Claro que, para hacerlo bien, se requieren, no solo las necesarias dosis de objetividad, sino la gallardía de no ceder a la mentira a sabiendas y poner la vista en esa tarea, siempre inacabada, que se llama patria; y estas tres cualidades son impensables en este momento político.
Y, más que juicios al pasado -que está definitivamente cerrado y no puede retornar ni defenderse- lo importante es demostrar esa capacidad crítica, positiva y no derrotista, con el hoy, que sí admite enmiendas: quienes están satisfechos con el presente no pueden preparar el futuro, dice otro adagio. Entiendo que en ello estriba un verdadero patriotismo, que no nace de la adulación ni de la complacencia, sino que a veces debe llegar por el amargo camino de la crítica, como inauguró el genial Quevedo y nos transmitieron nuestros mejores pensadores.
Es evidente que, para cada uno, además de tener su alma en su almario, es legítimo, además de legal, y hermoso mirar de vez en cuando hacia atrás, evocar los mejores momentos vividos, formular las correspondientes autocríticas -sin flagelarse, en modo alguno- y, en definitiva, enorgullecernos de lo logrado hasta la fecha. Todo eso, sin tener encima la espada de Damocles de una intromisión aberrante de lo público en lo privado, de una aplicación de leyes con carácter retrospectivo, de una estúpida inquisición sobre las mentes.

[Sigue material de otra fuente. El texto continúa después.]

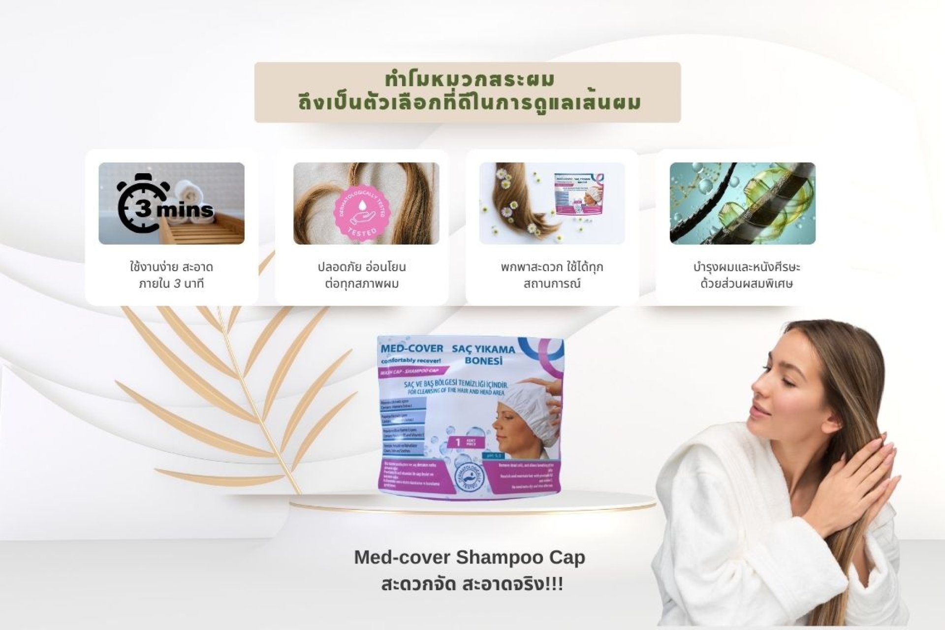 หมวกสระผม หรือ Med-Cover Shampoo Cap เป็นนวัตกรรมใหม่ที่ออกแบบมาเพื่อช่วยให้การทำความสะอาดเส้นผมสะดวก รวดเร็ว และไม่ต้องใช้น้ำ เหมาะสำหรับผู้ที่มีข้อจำกัด เช่น ผู้ป่วยติดเตียง ผู้สูงอายุ ผู้ที่เพิ่งผ่านการผ่าตัด หรือคนที่ต้องเดินทางบ่อย
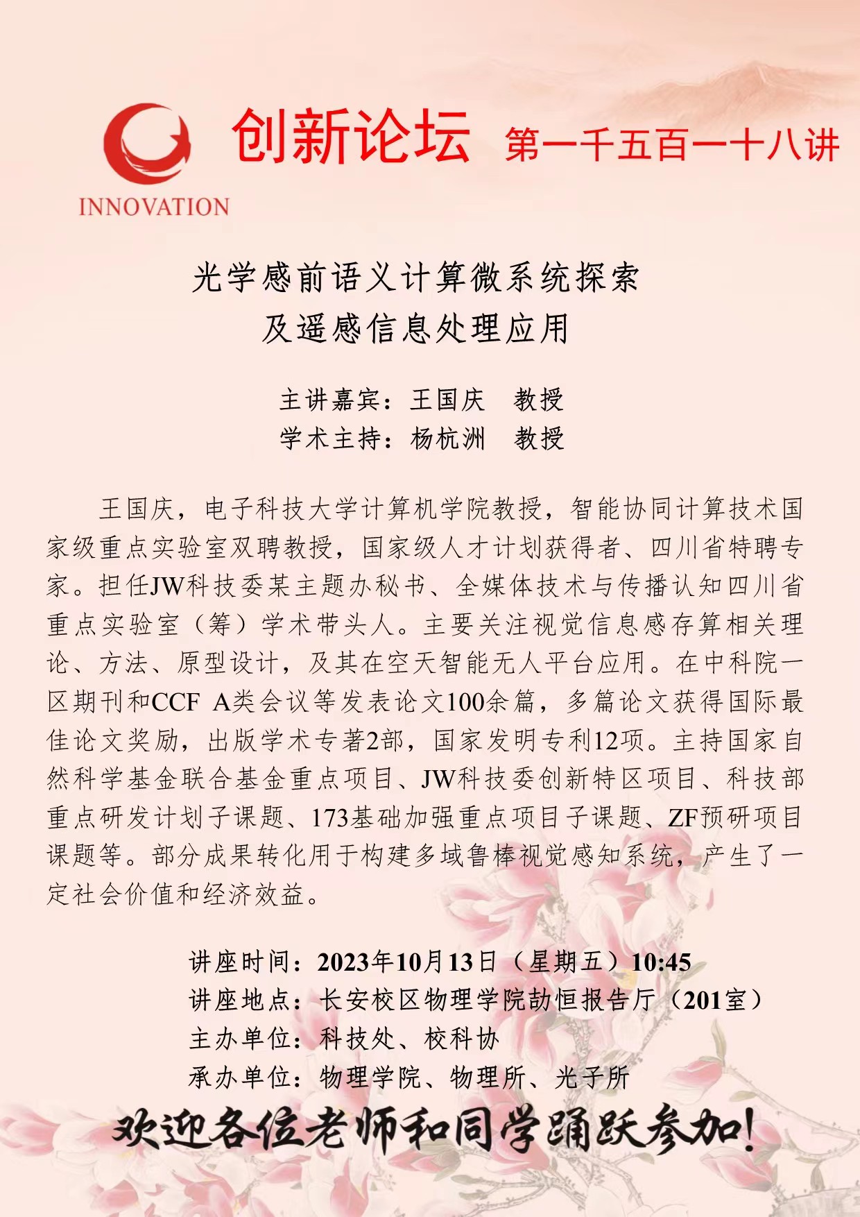 王国庆 教授 BB平台创新论坛第一千五百一十八讲:光学感前语义计算微系统探索及遥感信息处理应用 讲座时间 2023年10月13日(星期五)10:45 讲座地点 长安校区物理学院劼恒报告厅(201室) 讲座人介绍 王国庆 教授 讲座内容

Por lo tanto, sin asomo de pudor ni apocamiento impuesto por las amenazantes noticias, me declaro contento y orgulloso de mi trayectoria, de lo que me enseñaron y de la mayoría de mis profesores y educadores; y, como buen alumno, me permito revisarlos cada día, redescubrirlos, matizarlos y, aun, contradecirlos en el respeto casi filial, porque con los años se acostumbra a pasar de la utopía al mundo de las realidades.
Me manifiesto gozoso, por ejemplo, de haber pasado mis veranos bajo lonas blancas y asistiendo jornada a jornada a actos en que se izaban y arriaban las banderas; de haber sido educado sin odios y con la confianza de que la verdadera historia es un quehacer de amor; de que hay que escindir la conciencia en dos mitades y de que la satisfacción de las necesidades materiales de una vida digna no contradice los valores del espíritu; de que Dios es la meta última del hombre y de que la patria es un medio para armonizar la vida individual con el entorno…
Y, como dice el chiste publicado en el ABC, todo eso lo aprendí con mi mirada clara, lejos, y la frente levantada, con el marco incomparable de unas montañas nevadas.